My Professor gives us a homework that contains this question:

Let $U$ and $V$ be a vector spaces on a field $F$, and let $T:U \to V$ be a linear transformation on $F$.

If $\{ u_1,...,u_n\}$ is a linearly independent of $U$, show that $\{ T(u_1), ..., T(u_n)\}$ is linearly independent.

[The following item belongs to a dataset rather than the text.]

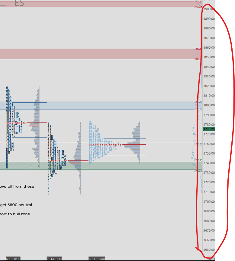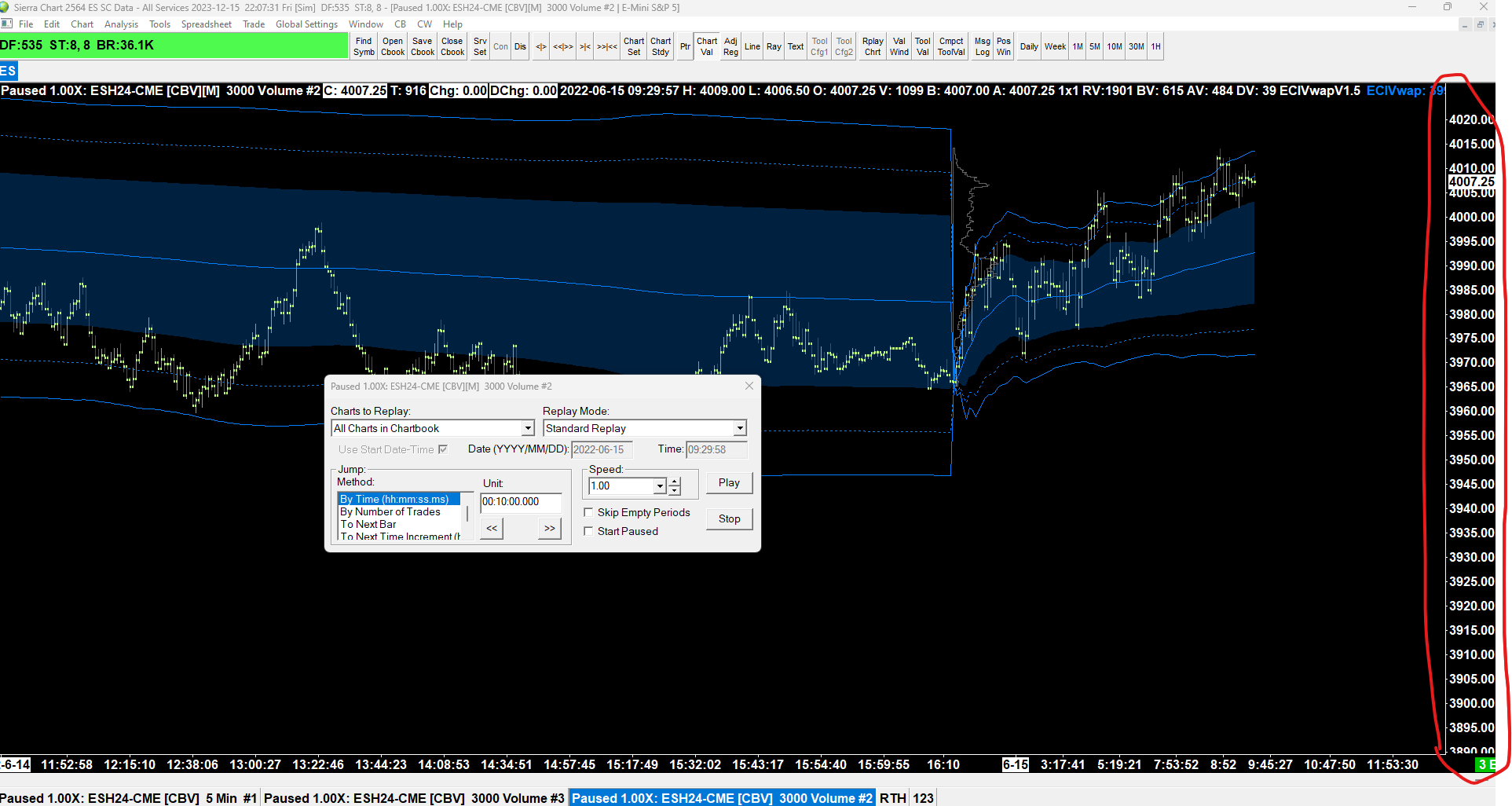 Hi, No problem, I will try to explain again. Basically, I wanted to replay my chart for the date 06-15-22 and use the levels that are marked in 2.png (The levels were made on 06-15-22 by someone. I am using it to practice execution). However, the prices at which the levels were made in 2.png and the replay chart ( 1.png) price action are not the same. For example, in 2.png, there is a green level thats anchored at 3740.75 & 3733.25 and if I use the same prices at the replay sierra chart, there won't be anything because the price action in SC is up by around 200 points approx. Only if I get my chart price action to around 3700 - 3800 will I be able to plot the levels accurately in SC and do execution practice. Hope this was clear. Thank you |

Is that true? I took $T:\mathbb{R}^2 \to \mathbb{R}$, such that $T((x,y))=0$ for all $(x,y) \in \mathbb{R}^2$

Then I found that $\{ (1,0),(0,1)\}$ is linearly independent in $ \mathbb{R}^2$, but $\{T(1,0)=0,T(0,1)=0\}$ is not linearly independent in $\mathbb{R}$ ?

What do you think?

Answer 1

Your example is a valid counterexample to the claim. So, this is not true without additional hypotheses on the linear transformation $T$. If you assume, for instance, that $T$ is injective, then the claim is indeed true. Or, as @ThomasAndrews says in the comments under the question, perhaps you meant to claim that if $T(u_1),\dots,T(u_n)$ are linearly independent, then $u_1,\dots,u_n$ are linearly independent.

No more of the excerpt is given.